If an image update process is started but goes stale there are multiple mechanisms in place to ensure cleanup. If a session is left open after the blob timeout period it'll be closed. Because expiration is not the same action as closing, the cache will be flushed and any staged pieces deleted.

The image itself, in legacy (static layout) mode will be placed and named in such a way that it will disappear if the BMC reboots. In the UBI case, the file will be stored in /tmp and deleted accordingly.

At any point during the upload process, one can abort by closing the open blobs and deleting them by name.

Blob Primitives

The update mechanism will implement the Blob primitives as follows.

BmcBlobOpen

The blob open primitive allows supplying blob specific flags. These flags are used for specifying the transport mechanism. To obtain the list of supported mechanisms on a platform, see the Stat command below.

enum OpenFlags
{
    read = (1 << 0),
    write = (1 << 1),
};

/* These bits start in the blob specific range of the flags. */
enum FirmwareUpdateFlags
{
    bt = (1 << 8),   /* Expect to send contents over IPMI BlockTransfer. */
    p2a = (1 << 9),  /* Expect to send contents over P2A bridge. */
    lpc = (1 << 10), /* Expect to send contents over LPC bridge. */
};

An open request must specify that it is opening for writing and one transport mechanism, otherwise it is rejected. If the request is also set for reading, this is not rejected but currently provides no additional value.
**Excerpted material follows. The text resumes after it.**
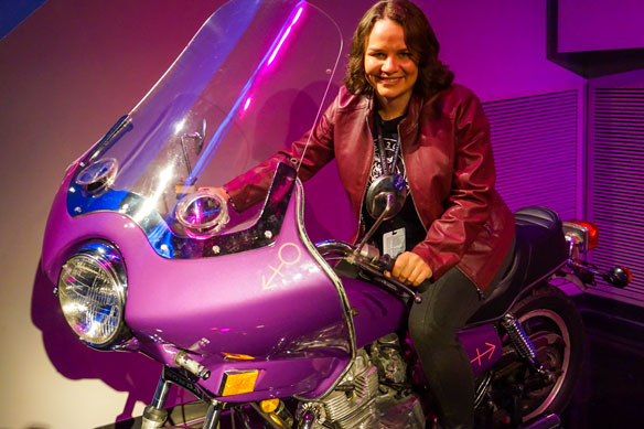 The motorcycle ridden by Prince in Purple Rain is available for photo shoots at the Museum of Pop Culture (MoPOP) in Seattle, which served as the final night venue for this year’s Ensemble International Conference. Anne Gibbons, a travel consultant for TravelOnly in Brantford, ON, tried the bike on for size.

Once opened a new file will appear in the blob_id list (for both the image and hash) indicating they are in progress. The name will be flash/active/image and flash/active/hash which has no meaning beyond representing the current update in progress. Closing the file does not delete the staged images. Only delete will.

Note The active image blob_ids cannot be opened. This can be reconsidered later.

BmcBlobRead

This will initially not perform any function and will return success with 0 bytes.

BmcBlobWrite

The write command's contents will depend on the transport mechanism. This command must not return until it has copied the data out of the mapped region into either a staging buffer or written down to a staging file. How the command reads from the mapped region is beyond the scope of this design.

If BT

The data section of the payload is only data.

If P2A

The data section of the payload is the following structure:

struct ExtChunkHdr
{
    uint32_t length; /* Length of the data queued (little endian). */
};
If LPC

The data section of the payload is the following structure:

struct ExtChunkHdr
{
    uint32_t length; /* Length of the data queued (little endian). */
};

BmcBlobCommit

If this command is called on the session of the firmware image itself, nothing will happen at present. It will return a no-op success.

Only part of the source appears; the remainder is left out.